Re: My issues, feelings, Germany, women, WWII, and other stuff

Posted: Sat Jan 19, 2019 3:31 am
by BridgeConsoleMasher
Have you come across any feminist analytics on the subject?

Re: My issues, feelings, Germany, women, WWII, and other stuff

Posted: Sat Jan 19, 2019 3:01 pm
by Yukaphile
There was a Harvard law official who discussed Feminism in Germany, which... had my jaw dropping open, because to say Nazi Germany was a Feminist nation is like claiming the GOP leadership is Feminist. It's blatantly false. That was based on a movie based on a diary that may be a fiction.

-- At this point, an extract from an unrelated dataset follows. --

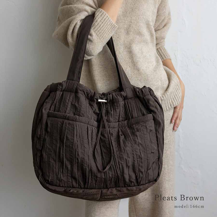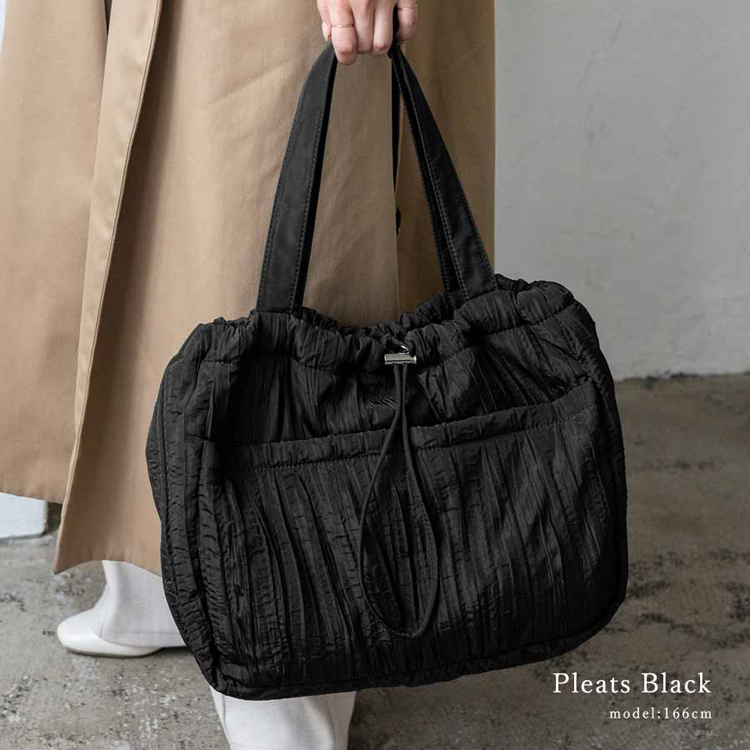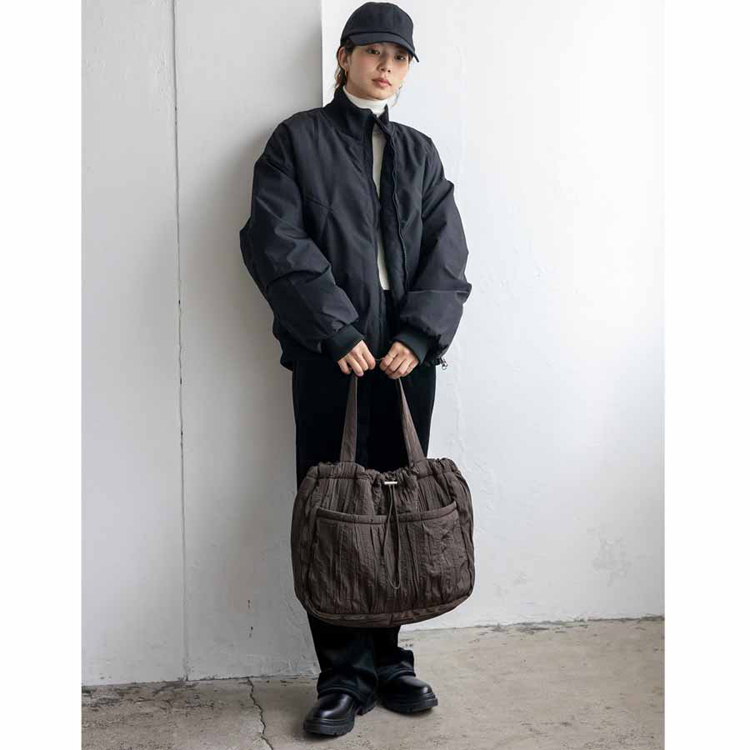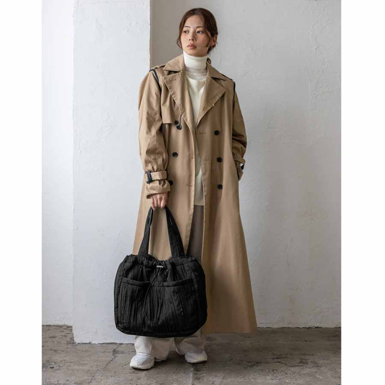 機能性と可愛さが備わった大口巾着トートバッグ。

Re: My issues, feelings, Germany, women, WWII, and other stuff

Posted: Sat Jan 19, 2019 11:43 pm
by Yukaphile
As I've said elsewhere, what I hate most is the sense of blaming many people give to the victims of the Red Army, acting as if they were "collectively guilty," "not innocent," "perpetrators of crimes against humanity," "brought it on themselves," when the majority of German female civilians, all the two million women and girls, were innocent and to try and represent them otherwise, to try and claim they were otherwise, is defamation of character and victim-blaming. I saw this attitude from a young German man. I saw this attitude from a Harvard law official right in front of a German doctor who had studied the long-term effects of their "double trauma" on teenagers at the time. I saw it from a review in The New York Times, and from the lead actress in the anonymous movie, Nina Hoss, which is just utterly atrocious. It's why I listed people's reactions to it today among the number two spot. They also really seem to want to think as if those men and the women who watched and laughed with glee when begged for help just couldn't help themselves. My young Libertarian friend who's eighteen honestly thinks they "went mad." Even though many Russian Jews, who you'd think would want revenge, went out of their way to help women from attack whenever they could. It's ultimately just two million crude men behaving as ignorant men are wont to do, along with the women who joined them who happened to be sadists. Also blaming German women for their assaults and thinking only the Nazis got raped ignores that it was ethnic women and girls which they "liberated" from the camps, and children as young as ten or eight. This victim-blaming needs to end. This justifying and excusing those who'd committed such heinous crimes needs to end. It's one more form of rape apologia and rape culture.